37 x 37 cm
Michal Chelbin’s staged yet intimate portrait photographs, seduce the viewer into uncomfortable, voyeuristic complicity with the camera. Several works represent adolescent girls on the verge of sexual consciousness, their bodies still that of a child while their gaze directly confronts the viewer implying differently. Michal Chelbin shoots in a format of utter stability-the square. She positions her subjects well within the frame where visual clarity prevails. Angelina and her father, Israel belongs to the “Strangely Familiar” series where she shifted form shooting in the studio to the outside world, from theatrical to found light. In this work, an athletic but vulnerable-looking man holds his daughter in front of a swamp, poised as if offering her to the viewer.
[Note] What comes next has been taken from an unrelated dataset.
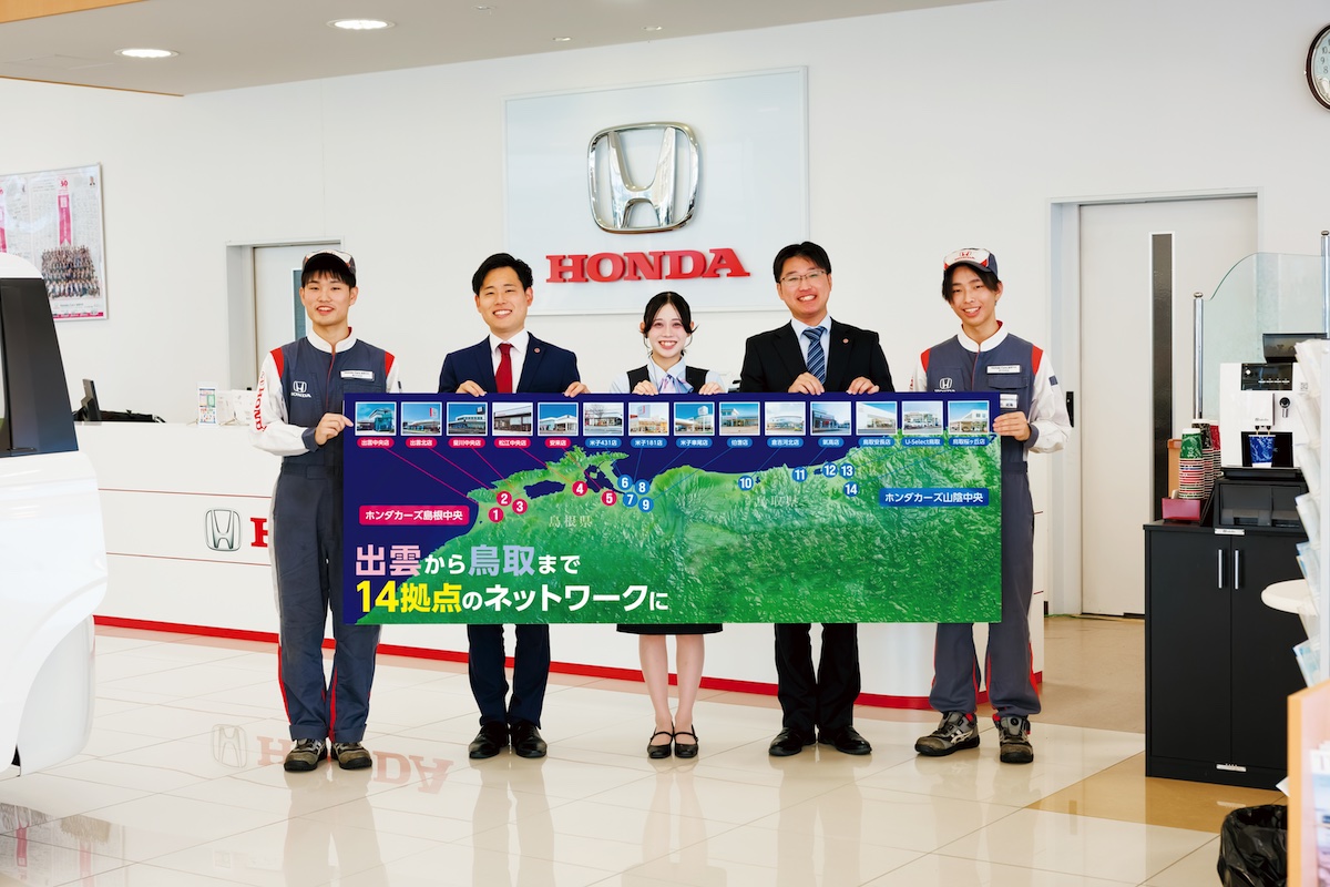 《ホンダカーズ島根中央》は、国内では最後発のホンダディーラーとしてスタートした会社ですが、他社にはないサービスで支持を広げ、今では島根県内で最大規模の5拠点を展開しています。 2025年度末までに《ホンダカーズ山陰中央》と統合し、鳥取県を含む14店舗の体制へ。中四国のホンダの地場販社では最大のディーラーになります。 車両管理台数も5万台へ増え、より早い納車や質の高いアフターサービスが可能に。販売力・技術力ともに全国でも高く評価されており、研修や奨学金支援で若手の成長も応援しています。

Though the photographs remain staged and her efforts directorial, Chelbin has sublimated the work’s mythic aspects by exploring a world of characters that lend themselves readily to the romantic-the world of athletes, ballroom dancers, and performers in small traveling shows and circuses, mostly in Eastern Europe, but also in Israel and England. With little supporting information to go on, we reflexively fill in the blanks and ride the images’ narrative momentum wherever it leads. Much of the time taking us to places steeped in discontinuity, incongruity, ambiguity. Places of subtle, underlying tension between the odd and the ordinary.
Michal Chelbin was born in 1974 in Israel. She lives and works in New York.